Platelets retain cytoplasmic messenger RNA and are capable of protein biosynthesis. Several diseases are known to impact the platelet transcriptome but the effect of non-valvular atrial fibrillation (NVAF) on platelet RNA transcript is essentially unknown. The aim of this study was to evaluate the impact of NVAF on platelet RNA transcript by measuring platelet genes expression in consecutive NVAF patients before and 3-4 months after pulmonary vein isolation (PVI) and compared to normal sinus rhythm controls (NSR).
RNA from isolated platelets were reverse transcribed, assayed against 15 genes using real-time qPCR, and expressed as mean cycle threshold (ΔCt) using beta-2-microglobulin as endogenous control. Expression of all evaluated genes, except cathepsin A gene, was significantly lower (higher ΔCt) in 103 NVAF patients compared to 55 NSR controls. Insulin-like growth factor binding protein acid labile subunit gene (IGFALS) had expression more than 16 fold-lower (17.0±2.8 vs 12.5±3.8, P<.001), follow by genes encoding for prostacyclin receptor, and for von Willebrand factor which had fourfold lower expression compared to NSR controls. Gender, type of atrial fibrillation, heart failure, hypertension, prior stroke, diabetes mellitus, and atherosclerosis were associated with different gene expression. Following PVI, expression of four genes significantly increased, particularly IGFALS gene (increased 256-fold) and ADAMT gene increased 16-fold); expression of three genes significantly decreased, and expression of eight genes has not changed.
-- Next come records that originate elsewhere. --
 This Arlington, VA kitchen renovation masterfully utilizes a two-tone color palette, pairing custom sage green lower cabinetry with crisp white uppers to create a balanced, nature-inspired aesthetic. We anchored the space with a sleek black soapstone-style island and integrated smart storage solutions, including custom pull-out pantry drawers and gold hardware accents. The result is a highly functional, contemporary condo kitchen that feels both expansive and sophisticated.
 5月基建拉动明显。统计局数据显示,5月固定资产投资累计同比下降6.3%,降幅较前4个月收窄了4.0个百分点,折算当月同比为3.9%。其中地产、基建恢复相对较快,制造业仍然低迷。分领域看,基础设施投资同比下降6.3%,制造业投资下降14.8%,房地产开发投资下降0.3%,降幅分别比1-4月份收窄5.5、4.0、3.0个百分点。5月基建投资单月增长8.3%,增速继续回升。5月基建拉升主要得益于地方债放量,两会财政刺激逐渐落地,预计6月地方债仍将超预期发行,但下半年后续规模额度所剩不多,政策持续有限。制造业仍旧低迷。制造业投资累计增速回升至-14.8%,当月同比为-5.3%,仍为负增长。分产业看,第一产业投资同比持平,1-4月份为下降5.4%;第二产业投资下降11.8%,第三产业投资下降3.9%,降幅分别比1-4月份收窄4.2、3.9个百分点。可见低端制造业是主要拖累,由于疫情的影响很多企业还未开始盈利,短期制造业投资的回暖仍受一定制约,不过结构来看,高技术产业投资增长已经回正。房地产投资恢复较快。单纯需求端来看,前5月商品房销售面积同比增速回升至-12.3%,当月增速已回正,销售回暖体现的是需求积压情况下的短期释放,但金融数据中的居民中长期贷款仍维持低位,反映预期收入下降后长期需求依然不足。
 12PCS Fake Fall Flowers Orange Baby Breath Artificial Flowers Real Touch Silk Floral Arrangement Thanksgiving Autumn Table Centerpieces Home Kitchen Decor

Platelets are capable to respond to the circulatory environment of NVAF by altering transcript and changing prothrombotic status. This shows platelet potential for molecular "reprogramming" possibly induced by flow disturbances of NVAF.
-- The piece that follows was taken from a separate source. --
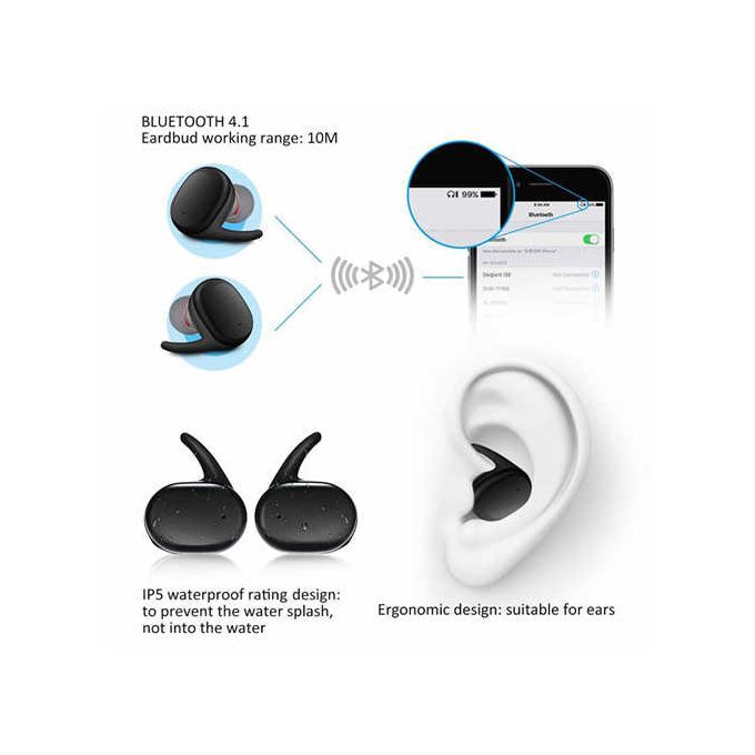 Description:This is the TWS4 wireless Bluetooth headsetA headphone design that fits the auricle of the human body for a firmer and more comfortable fitOne-touch, easy to operateNew upgrade, Bluetooth 5.0 chipTrue wireless, separate dual bodyCompact body, mini exquisiteIntelligent noise reduction, smart battery displayHigh quality headphones sound qualityspecification:Weight: 70gColor: black, whiteBluetooth version: Jerry V5.0Headphone battery: 50MAHBattery: Polymer lithium battery, 50 mA earphones, 300 mAh charging compartment.Specifications:Product model: TWS4Bluetooth version: Jerry V5.0Headphone battery: 50MAHStandby time: >100 hoursTalk time: >4.5 hoursListening to the song: 4 hoursBattery: Polymer lithium battery, 50 mA earphones, 300 mAh charging compartment.Charging time: 40-50 minutes for the headset 1 hour for the charging compartmentComfortable to wear, compact and portableHigh quality sound qualityWearable while exercisingWaterproof designPackage Included:1* pair of headphones / charging compartment / usb charging cable / manualNotes:Pairing method1 Unpack and place the left and right headphones into the charging compartment. The headset is lit red. If it is not lit, please charge the battery.2 The headset is automatically turned on from the charging compartment, automatically paired, wait for about 30 seconds, one of the headset lights is off.The other headset flashes red and blue, the machine is the main ear. At the same time, the pairing is successful.3 Turn on the phone Bluetooth, search for the headset Bluetooth name "TWS4" and click on the connection.4 After the headset is used, put it back in the charging compartment, and the headset will automatically shut down and charge.5 Use the headset again, take it out from the charging bin and turn it on automatically. The automatic pairing will also connect the phone.
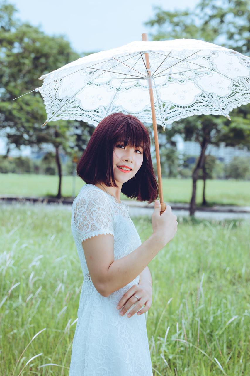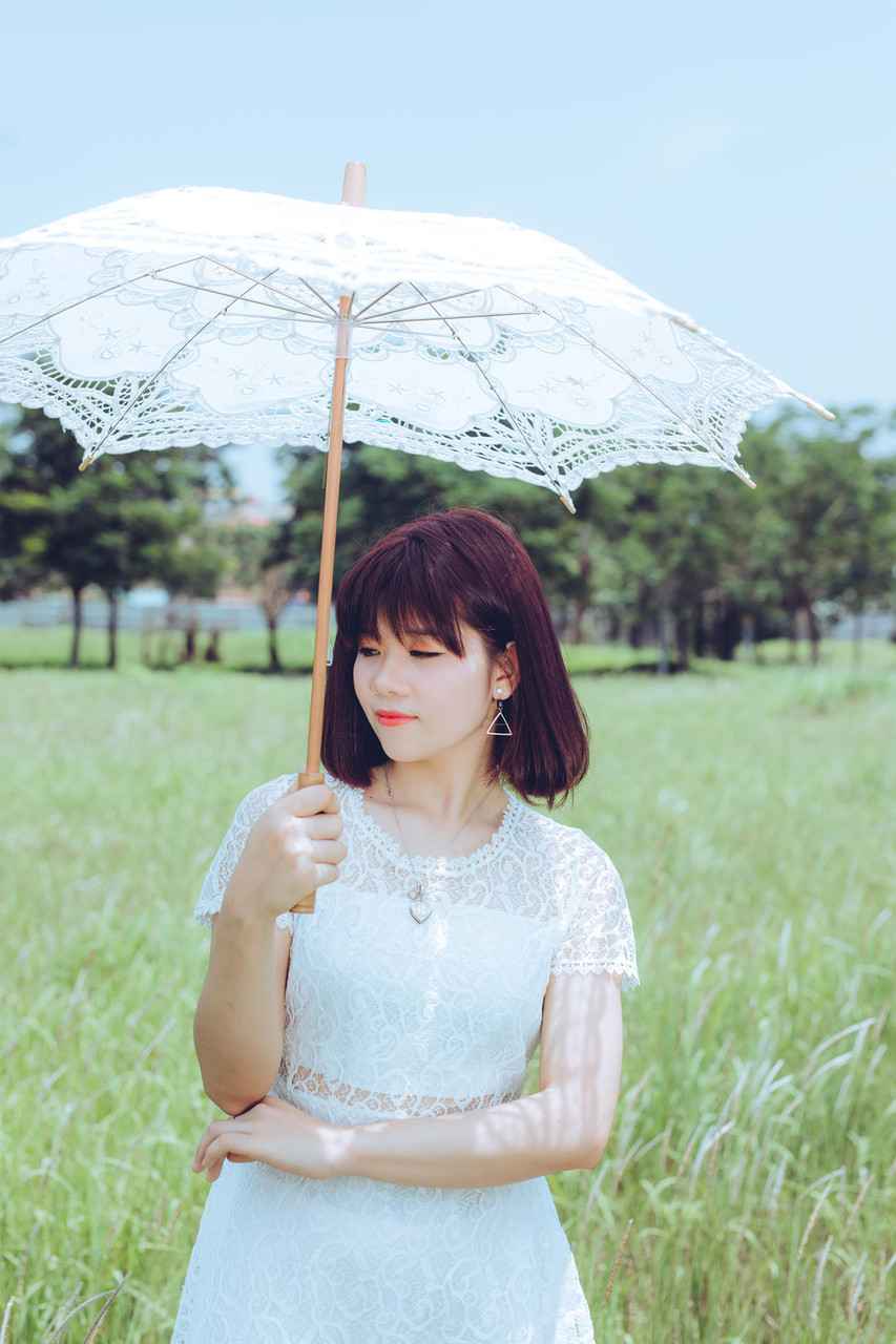 Beautiful Asian Models In White Dresses Pose In Meadow - Gallery Information

血小板保留细胞质信使核糖核酸并能够进行蛋白质生物合成。已知几种疾病会影响血小板转录组,但非瓣膜性心房颤动(NVAF)对血小板RNA转录本的影响基本上未知。本研究的目的是通过测量连续的NVAF患者在肺静脉隔离(PVI)前和3-4个月后的血小板基因表达,并与正常窦性心律对照组(NSR)进行比较,来评估NVAF对血小板RNA转录本的影响。
从分离的血小板中提取RNA进行逆转录,使用实时定量聚合酶链反应针对15个基因进行检测,并以内源性对照β-2-微球蛋白表示为平均循环阈值(ΔCt)。与55名NSR对照组相比,103名NVAF患者中除组织蛋白酶A基因外,所有评估基因的表达均显著降低(ΔCt值更高)。胰岛素样生长因子结合蛋白酸性不稳定亚基基因(IGFALS)的表达降低超过16倍(17.0±2.8对12.5±3.8,P<0.001),其次是前列环素受体编码基因和血管性血友病因子编码基因,其表达比NSR对照组降低了四倍。性别、心房颤动类型、心力衰竭、高血压、既往中风、糖尿病和动脉粥样硬化与不同的基因表达相关。PVI后,四个基因的表达显著增加,特别是IGFALS基因(增加256倍)和ADAMT基因增加16倍;三个基因的表达显著降低,八个基因的表达未改变。
血小板能够通过改变转录本和改变血栓前状态来响应NVAF的循环环境。这表明血小板可能因NVAF的血流紊乱而具有分子“重编程”的潜力。